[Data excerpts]

----------------------------------------

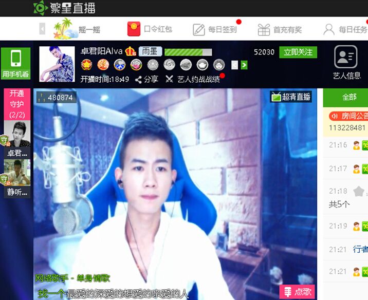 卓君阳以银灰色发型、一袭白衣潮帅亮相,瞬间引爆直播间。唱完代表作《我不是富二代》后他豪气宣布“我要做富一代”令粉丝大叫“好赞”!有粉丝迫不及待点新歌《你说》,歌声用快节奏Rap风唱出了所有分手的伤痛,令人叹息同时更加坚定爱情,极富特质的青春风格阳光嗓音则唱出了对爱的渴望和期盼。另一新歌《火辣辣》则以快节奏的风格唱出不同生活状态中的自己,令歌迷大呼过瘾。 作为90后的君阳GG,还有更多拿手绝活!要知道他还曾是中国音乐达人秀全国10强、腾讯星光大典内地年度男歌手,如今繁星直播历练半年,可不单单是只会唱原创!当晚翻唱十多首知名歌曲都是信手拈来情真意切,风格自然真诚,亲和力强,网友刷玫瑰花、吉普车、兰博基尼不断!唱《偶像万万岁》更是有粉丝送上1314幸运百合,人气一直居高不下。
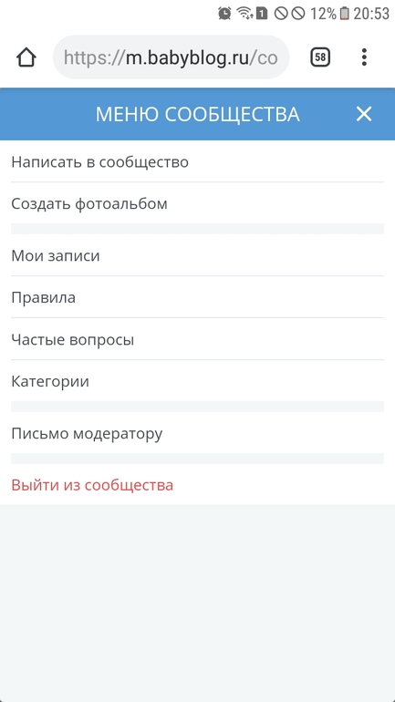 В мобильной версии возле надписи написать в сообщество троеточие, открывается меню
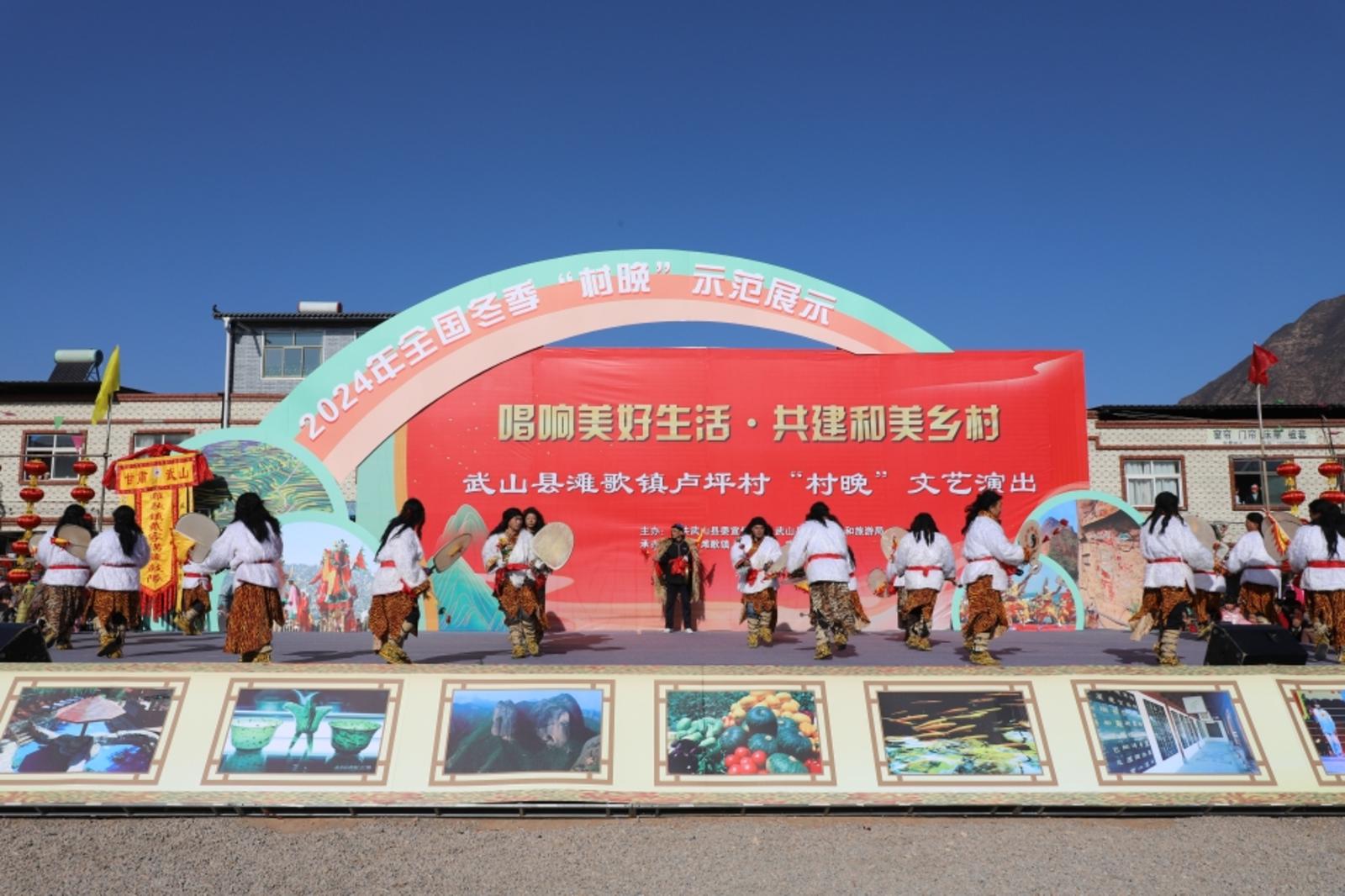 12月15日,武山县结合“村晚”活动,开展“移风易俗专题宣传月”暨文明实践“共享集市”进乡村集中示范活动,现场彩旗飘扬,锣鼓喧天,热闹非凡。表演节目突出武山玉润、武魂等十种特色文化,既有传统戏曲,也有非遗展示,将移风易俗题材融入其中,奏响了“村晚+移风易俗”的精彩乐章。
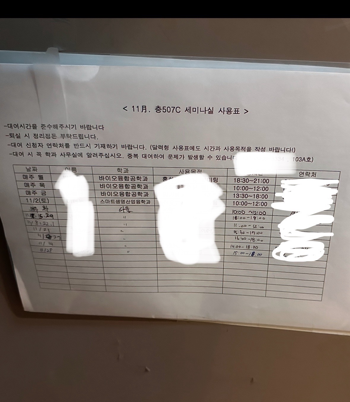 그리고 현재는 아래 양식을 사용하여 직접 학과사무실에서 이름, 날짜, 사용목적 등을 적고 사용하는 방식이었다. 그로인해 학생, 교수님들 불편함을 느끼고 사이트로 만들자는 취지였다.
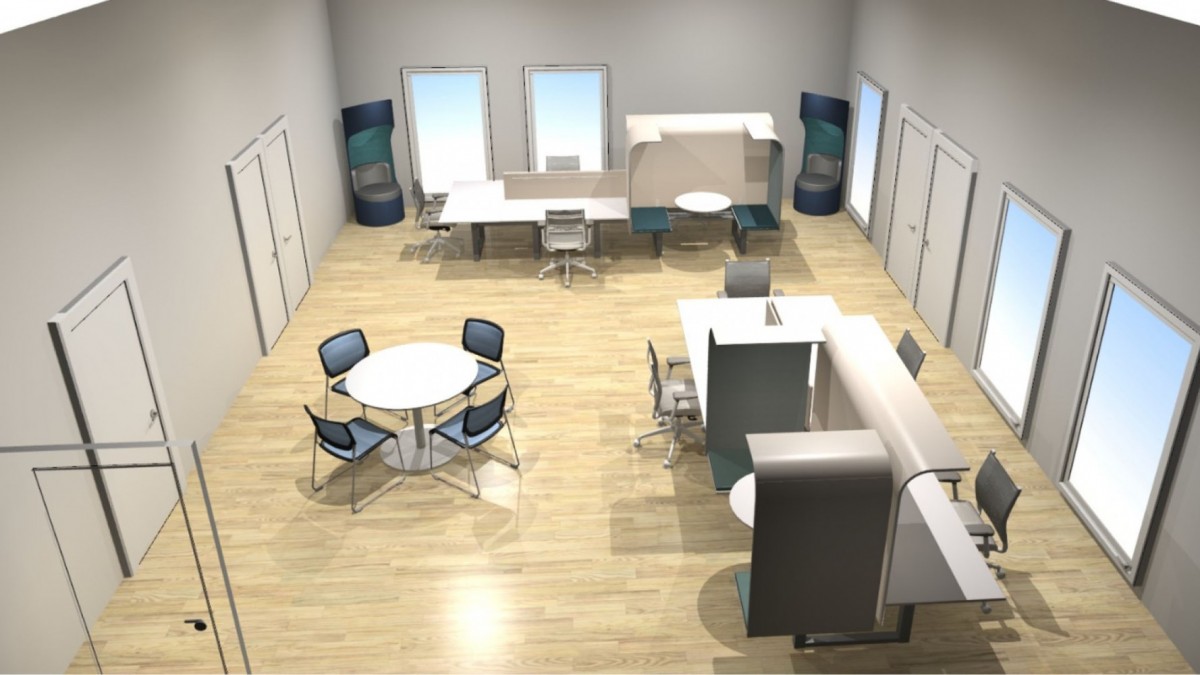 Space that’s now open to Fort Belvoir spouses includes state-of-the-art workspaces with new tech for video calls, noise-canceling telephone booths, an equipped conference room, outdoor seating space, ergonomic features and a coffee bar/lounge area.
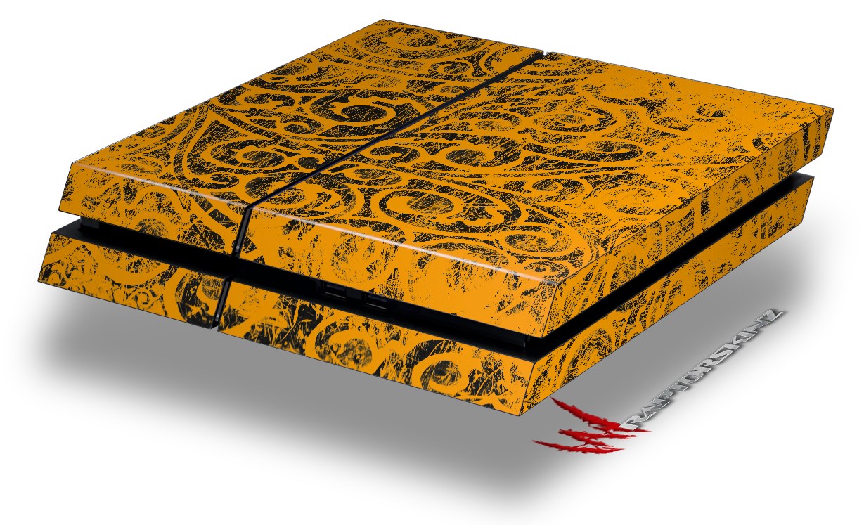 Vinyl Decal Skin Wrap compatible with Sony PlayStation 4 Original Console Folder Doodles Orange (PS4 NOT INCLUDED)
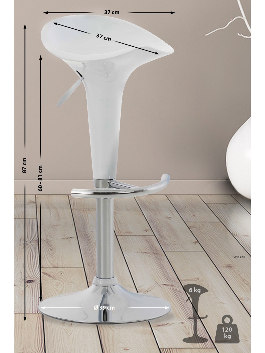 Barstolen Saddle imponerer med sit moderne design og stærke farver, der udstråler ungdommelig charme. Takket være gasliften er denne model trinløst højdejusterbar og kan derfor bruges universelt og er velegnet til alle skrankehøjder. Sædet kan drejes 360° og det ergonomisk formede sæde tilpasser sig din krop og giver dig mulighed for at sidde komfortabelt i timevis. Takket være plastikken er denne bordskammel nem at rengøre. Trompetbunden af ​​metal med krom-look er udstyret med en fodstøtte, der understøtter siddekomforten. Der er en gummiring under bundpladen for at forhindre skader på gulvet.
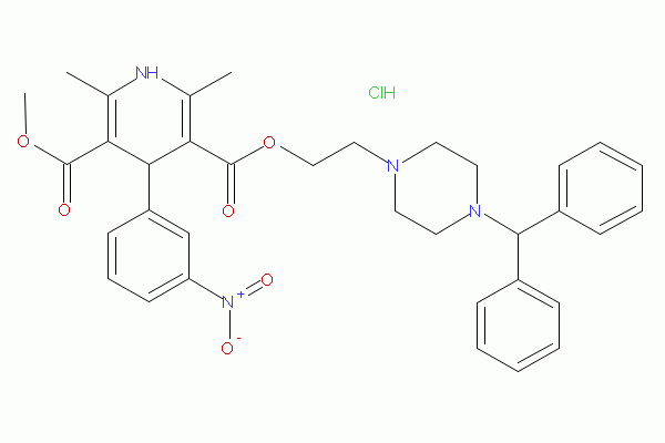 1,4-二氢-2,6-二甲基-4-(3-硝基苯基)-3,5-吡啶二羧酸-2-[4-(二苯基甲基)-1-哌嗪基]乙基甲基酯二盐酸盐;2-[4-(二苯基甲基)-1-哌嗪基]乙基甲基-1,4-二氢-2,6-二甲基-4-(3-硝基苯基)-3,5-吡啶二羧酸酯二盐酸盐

----------------------------------------

**Your task**
Beginning at the line that contains "그리고 현재는 아래 양식을" and ending at the last line of the data, return each line exactly; no picture belongs in the copy.

**Answer for this exercise**
 그리고 현재는 아래 양식을 사용하여 직접 학과사무실에서 이름, 날짜, 사용목적 등을 적고 사용하는 방식이었다. 그로인해 학생, 교수님들 불편함을 느끼고 사이트로 만들자는 취지였다.
 Space that’s now open to Fort Belvoir spouses includes state-of-the-art workspaces with new tech for video calls, noise-canceling telephone booths, an equipped conference room, outdoor seating space, ergonomic features and a coffee bar/lounge area.
 Vinyl Decal Skin Wrap compatible with Sony PlayStation 4 Original Console Folder Doodles Orange (PS4 NOT INCLUDED)
 Barstolen Saddle imponerer med sit moderne design og stærke farver, der udstråler ungdommelig charme. Takket være gasliften er denne model trinløst højdejusterbar og kan derfor bruges universelt og er velegnet til alle skrankehøjder. Sædet kan drejes 360° og det ergonomisk formede sæde tilpasser sig din krop og giver dig mulighed for at sidde komfortabelt i timevis. Takket være plastikken er denne bordskammel nem at rengøre. Trompetbunden af ​​metal med krom-look er udstyret med en fodstøtte, der understøtter siddekomforten. Der er en gummiring under bundpladen for at forhindre skader på gulvet.
 1,4-二氢-2,6-二甲基-4-(3-硝基苯基)-3,5-吡啶二羧酸-2-[4-(二苯基甲基)-1-哌嗪基]乙基甲基酯二盐酸盐;2-[4-(二苯基甲基)-1-哌嗪基]乙基甲基-1,4-二氢-2,6-二甲基-4-(3-硝基苯基)-3,5-吡啶二羧酸酯二盐酸盐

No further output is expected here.